• REQUIRED WORK: Beginning with the line containing "Cuando llegue el" and ending with the line containing "Could someone advise", write out each line of the records below exactly; pictures and lines outside that range are left out.

• • • •

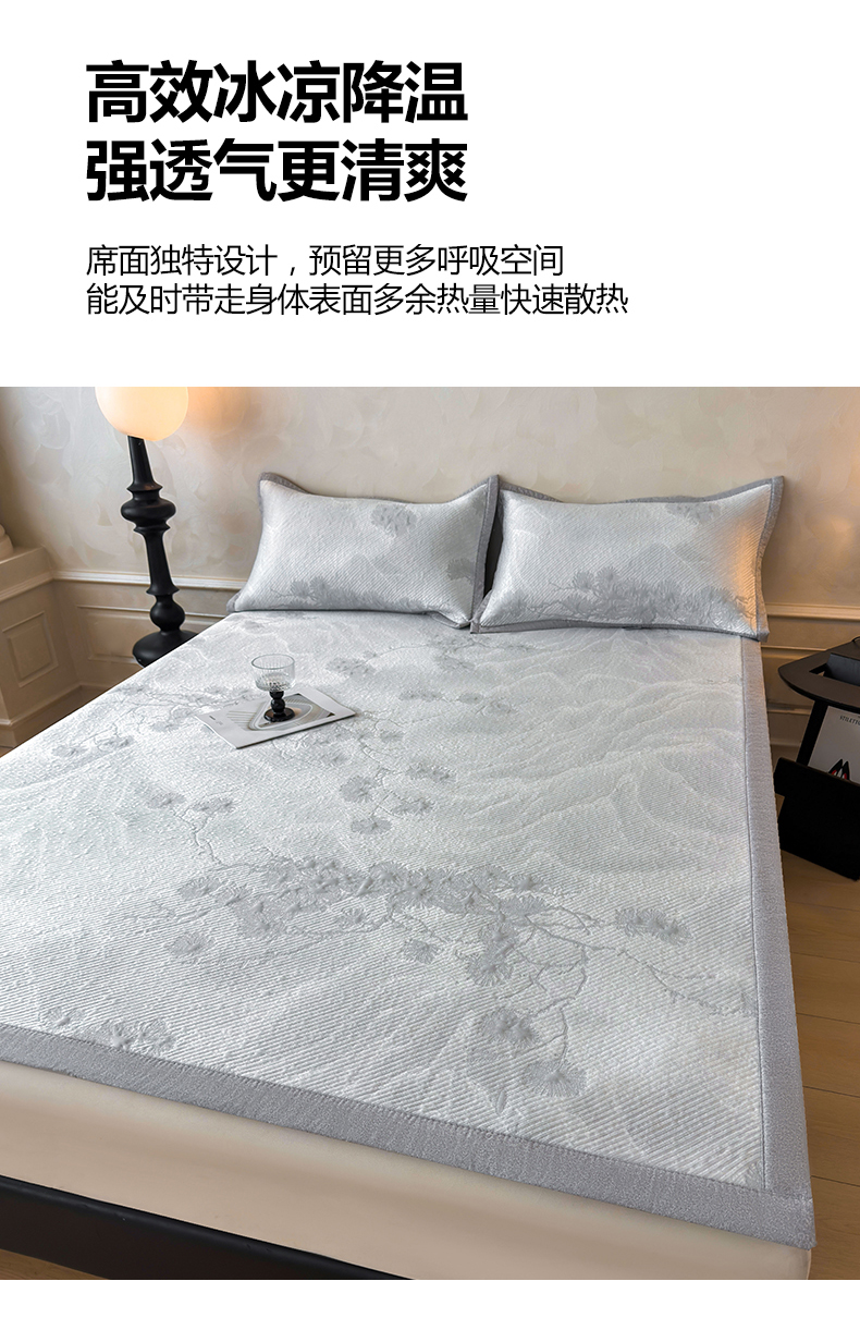 当前位置: 91家纺网 > 商品网购 > 床上用品 > 凉席 > 其他凉席 > 慕木家纺 2026新款高端PE乙纶双面提花560克冰豆豆凉席迎客松系列(提供买家秀) 迎客松-绿床笠款
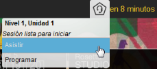 Cuando llegue el momento de su sesión de Rosetta Studio, haga clic en el botón Asistir que aparece en la Pantalla de inicio. Siga las instrucciones para calibrar sus auriculares. Si tiene algún problema, haga clic en Ayuda en vivo.
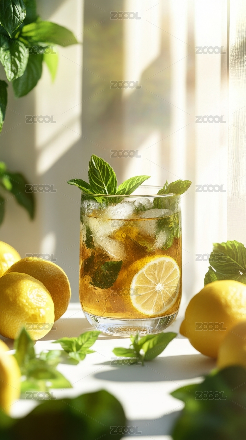 柠檬薄荷冰茶阳光下的清新饮品
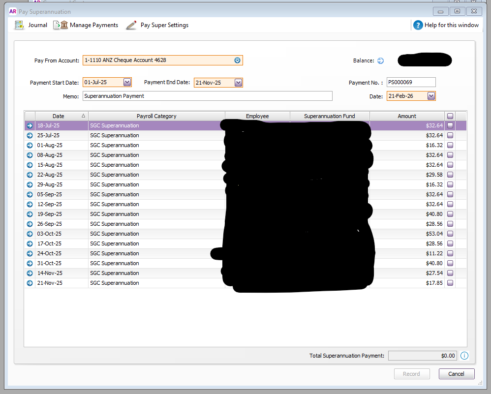 Could someone advise how I go about this please. SGC payments were calculated for a junior that didn't qualify for super. They are present in MYOB, but payments have never been Authorised. How do I remove them from this list?
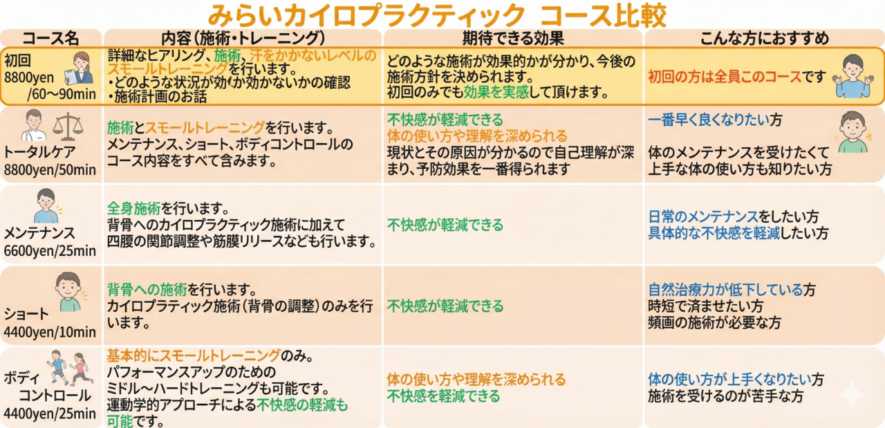 | 初回コース(60分) (お体の分析・説明・施術) 「なんとかしたい」 不調や違和感の正体が分かる 整体体験60分 当院独自の1.5回目システムについて | 8,800円(8,000円) |
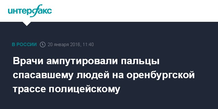 Москва. 20 января. INTERFAX.RU - Сотруднику ППС полиции Медногорска Оренбургской области Данилу Максудову, отдавшему во время спасательной операции на трассе "Оренбург-Орск" одежду замерзающим людям и получившему обморожение рук, пришлось провести частичную ампутацию пальцев.

• • • •

• RESULT BELOW:
 Cuando llegue el momento de su sesión de Rosetta Studio, haga clic en el botón Asistir que aparece en la Pantalla de inicio. Siga las instrucciones para calibrar sus auriculares. Si tiene algún problema, haga clic en Ayuda en vivo.
 柠檬薄荷冰茶阳光下的清新饮品
 Could someone advise how I go about this please. SGC payments were calculated for a junior that didn't qualify for super. They are present in MYOB, but payments have never been Authorised. How do I remove them from this list?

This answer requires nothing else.